Exclude the pictures. Transcribe, exactly as written, the lines from the one with "Nine-Bedroom Holiday Home." through the end of the entries below.

**Exercise inputs:**
• • • • •

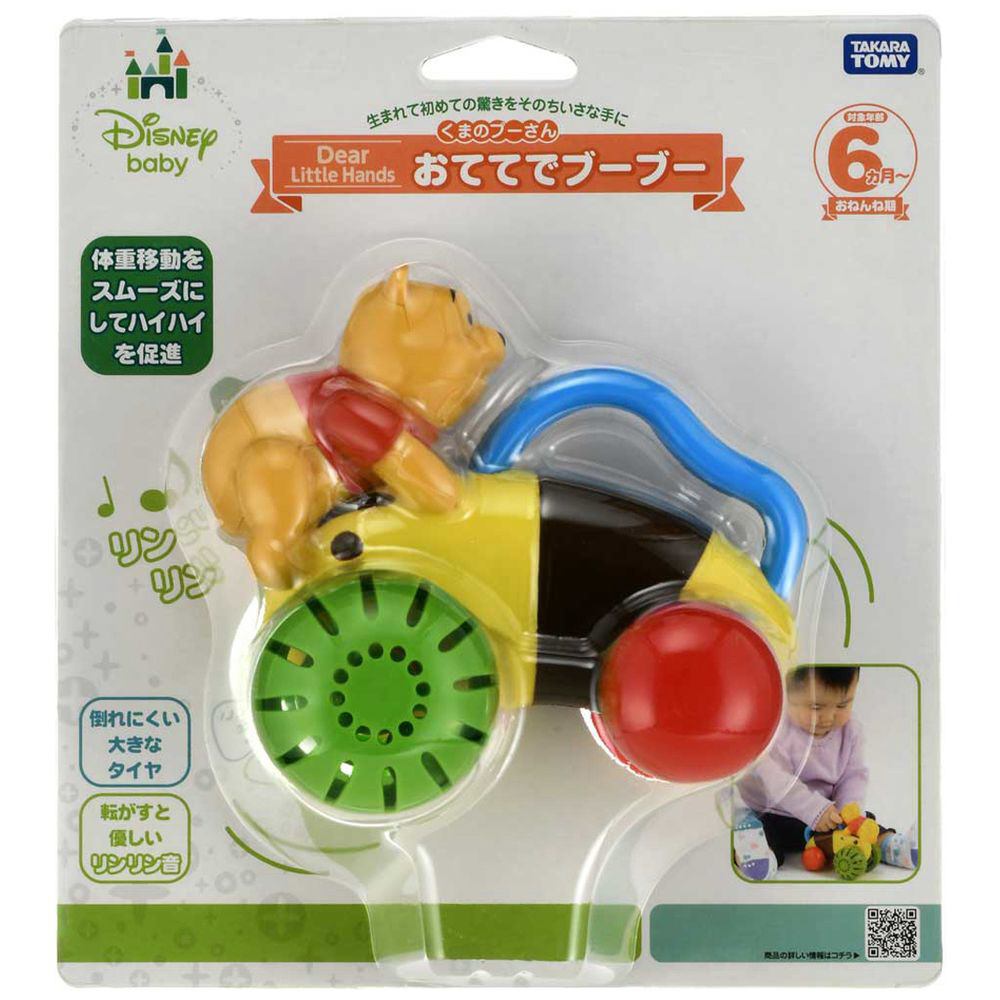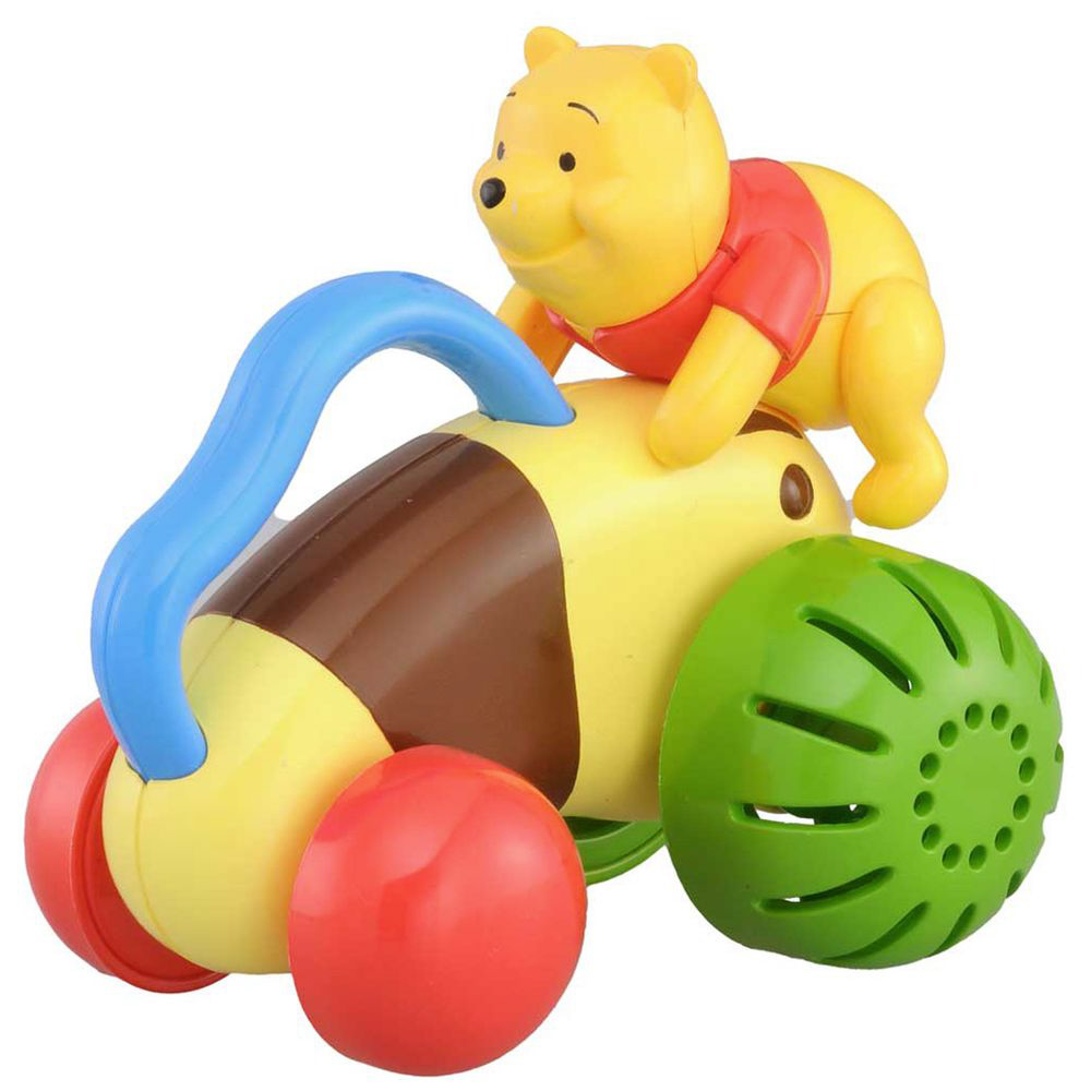 赤ちゃんが遊びやすい、くまのプーさんの取っ手つき手転がしおもちゃです。
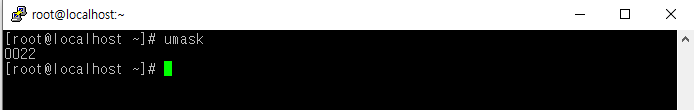 - 파일을 만들때 퍼미션중 제외할 퍼미션 지정. 기본적으로 022(0022)로 지정한다. /etc/profile에 설정됨.
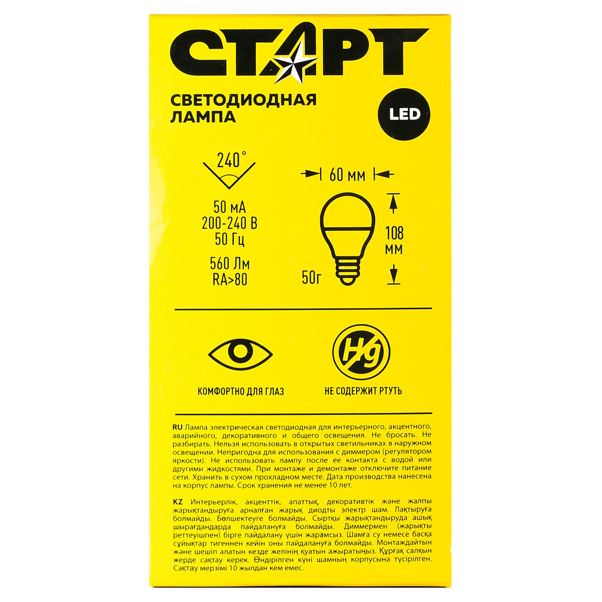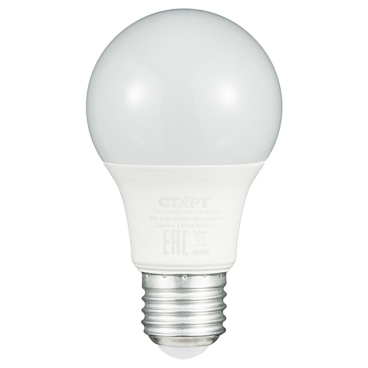 Лампа светодиодная Старт LED, серия "WS" 7W30, тип А "груша", E27, 2700К, теплый свет, 25000ч
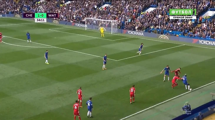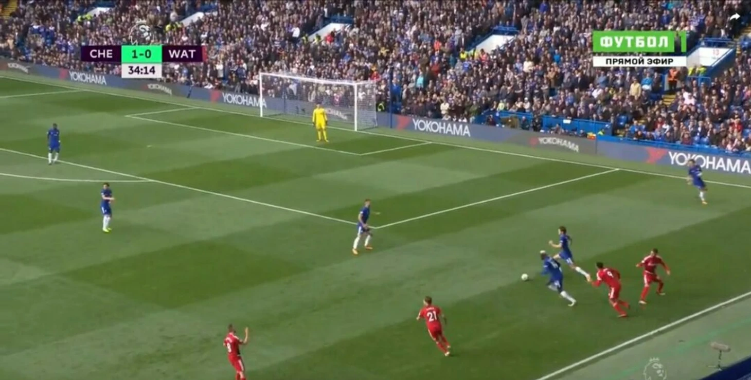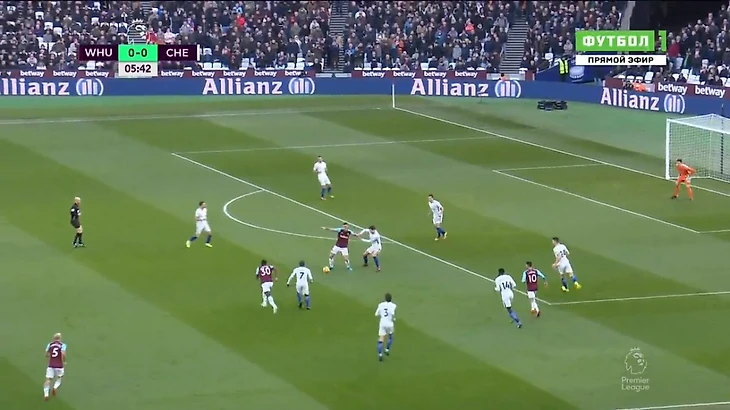 В этом моменте полузащитник решил выполнить не очень уместную навесную передачу, подобную ошибку он допустил и на следующих двух фотографиях.
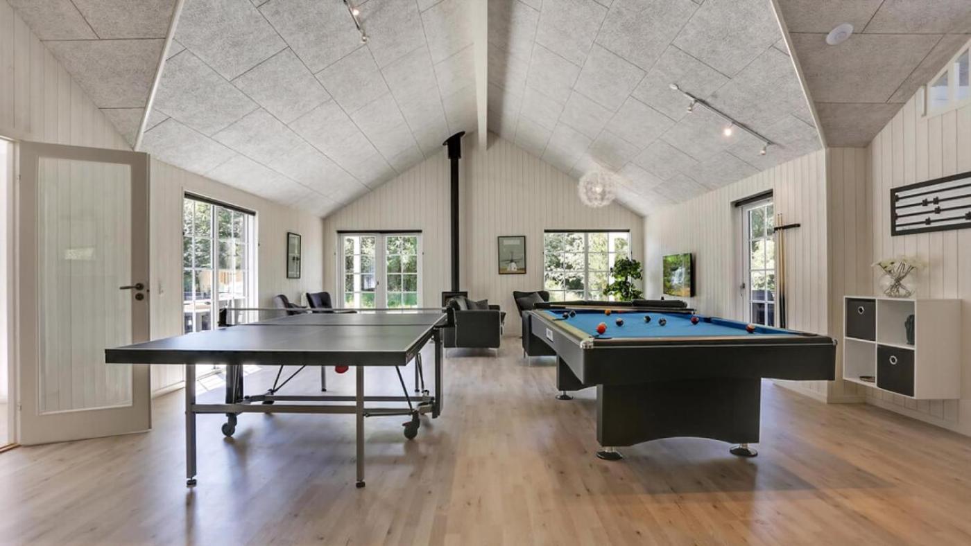 Nine-Bedroom Holiday Home. Guests will have a special experience as this holiday home features a private pool, a sauna and a fireplace. The spacious holiday home offers a washing machine, a tea and coffee maker, as well as a private bathroom featuring a bath and a shower. Guests will find a stovetop, an oven and a microwave in the kitchen. The holiday home also has a barbecue. This holiday home features a seating area, a wardrobe, a TV and a terrace. The unit offers 13 beds.
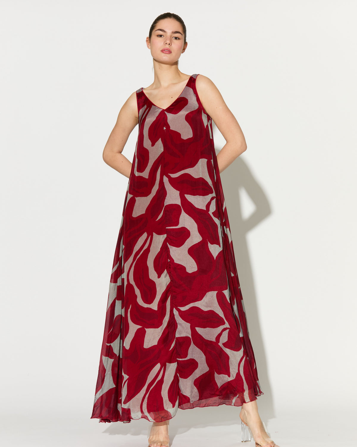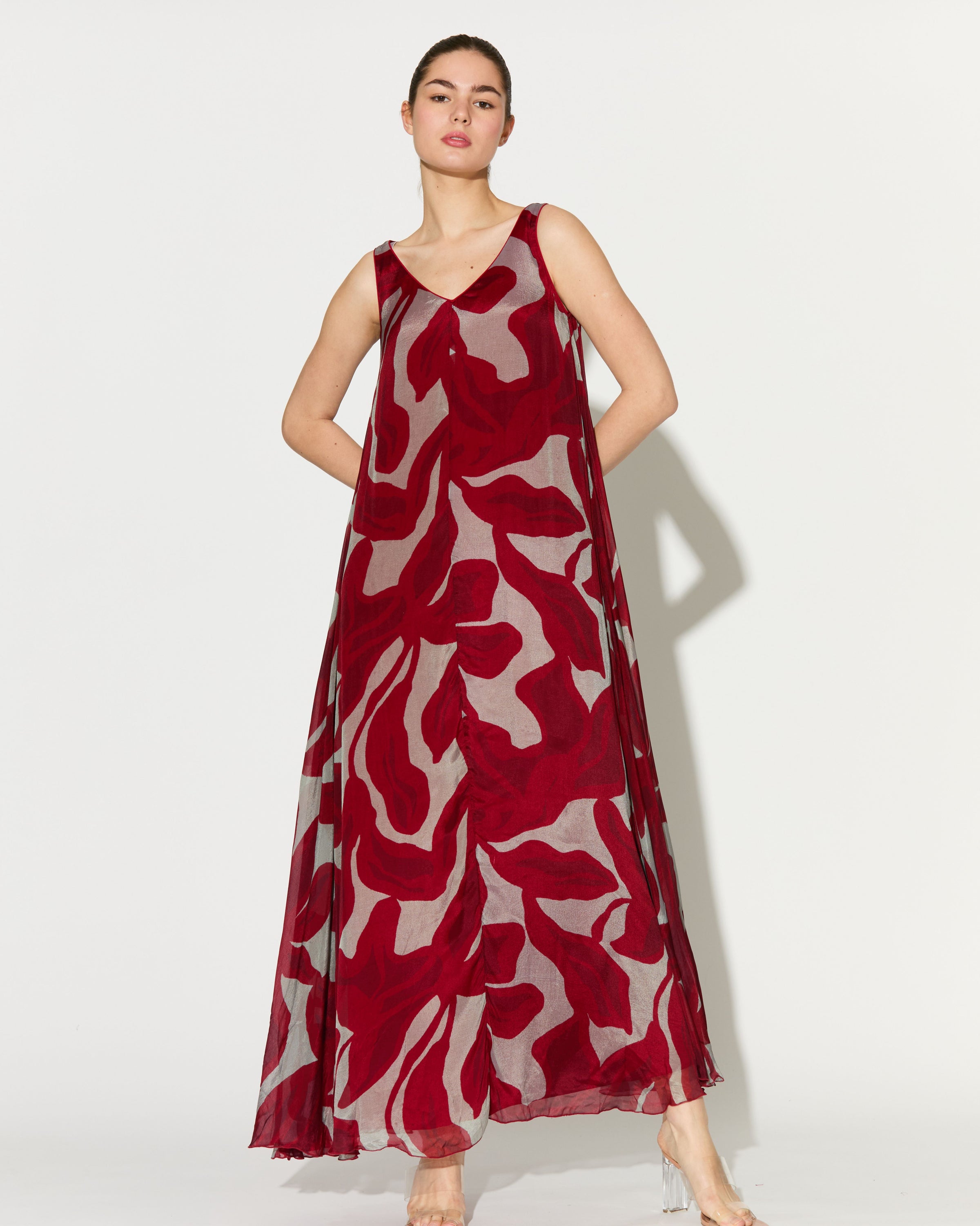 BEIGE AND HOT PINK FLORAL SLEEVELESS LONG DRESS

• • • • •

**Response below:**
 Nine-Bedroom Holiday Home. Guests will have a special experience as this holiday home features a private pool, a sauna and a fireplace. The spacious holiday home offers a washing machine, a tea and coffee maker, as well as a private bathroom featuring a bath and a shower. Guests will find a stovetop, an oven and a microwave in the kitchen. The holiday home also has a barbecue. This holiday home features a seating area, a wardrobe, a TV and a terrace. The unit offers 13 beds.
 BEIGE AND HOT PINK FLORAL SLEEVELESS LONG DRESS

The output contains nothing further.